3.Systemic supportive therapy
It is crucial for critically ill and comatose patients to maintain nutritional and water-electrolyte balance, and keep the airway unobstructed. If necessary, small amount of blood transfusion, or give intravenous high nutrition or compound amino acid, or large dose of immunoglobulin intravenous drip, to prevent pressure sores and respiratory tract infection and other complications.
4.Symptomatic treatment
Physical hypothermia, anticonvulsant sedation, dehydration and lowering of cranial pressure should be carried out for patients with high fever, and adrenocorticotropic hormone should be given to patients with severe cerebral edema at an early stage in large quantities and for a short period of time. Rehabilitation can be carried out during the recovery period.
Questions you may be concerned about
What should be done about herpes simplex encephalitis in children?
Herpes simplex encephalitis in children should be diagnosed and treated promptly.
Herpes simplex encephalitis in children is caused by the herpes simplex virus and manifests as fever, dizziness, convulsions and seizures, accompanied by personality changes and behavioral abnormalities. Examination of viral DNA or RNA from cerebrospinal fluid and serologic detection of antibodies are important methods of diagnosing herpes simplex encephalitis in children.
Herpes simplex encephalitis in children who have been diagnosed or are highly suspected should be treated promptly.

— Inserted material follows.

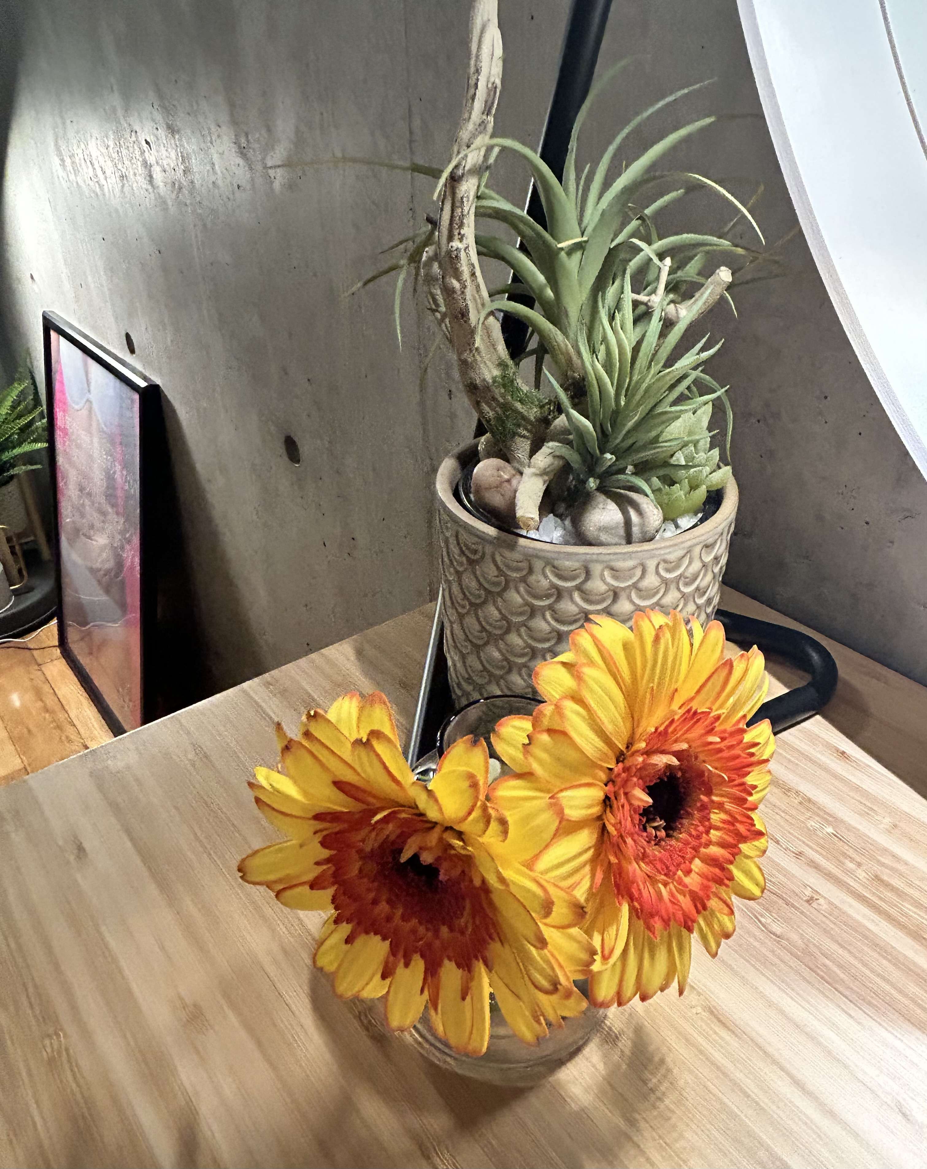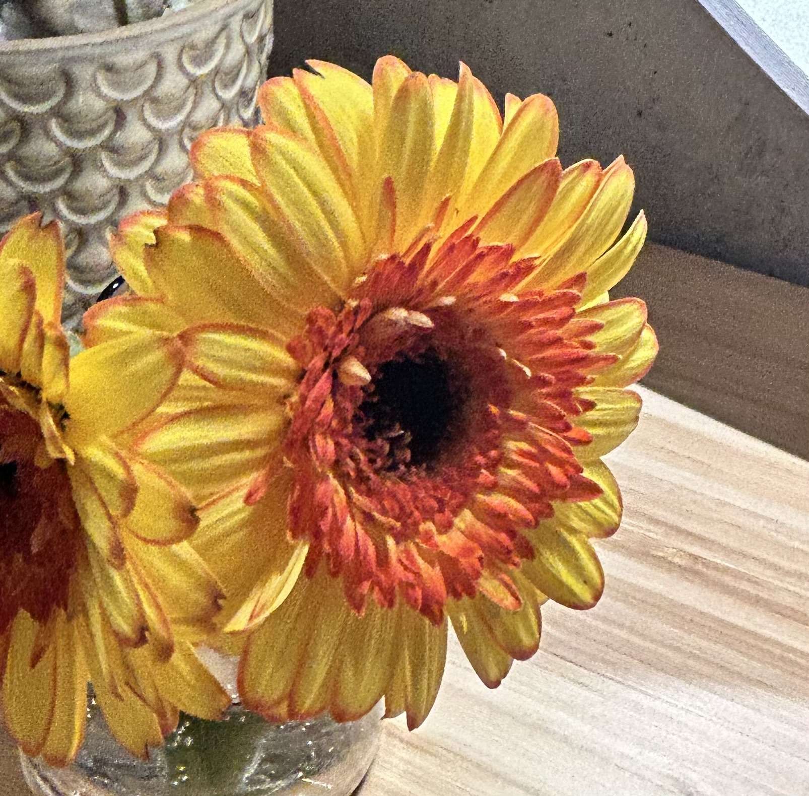 黄色とオレンジの珍しいツートンカラーのガーベラが素敵でした。

General treatment includes cooling, anticonvulsant, and reducing edema. Etiologic treatment includes the application of antiviral drugs, such as ganciclovir, acyclic guanosine, and interferon, to control further disease progression.
Specific treatment should follow medical advice. The disease should be detected, diagnosed and treated early to avoid neurological sequelae.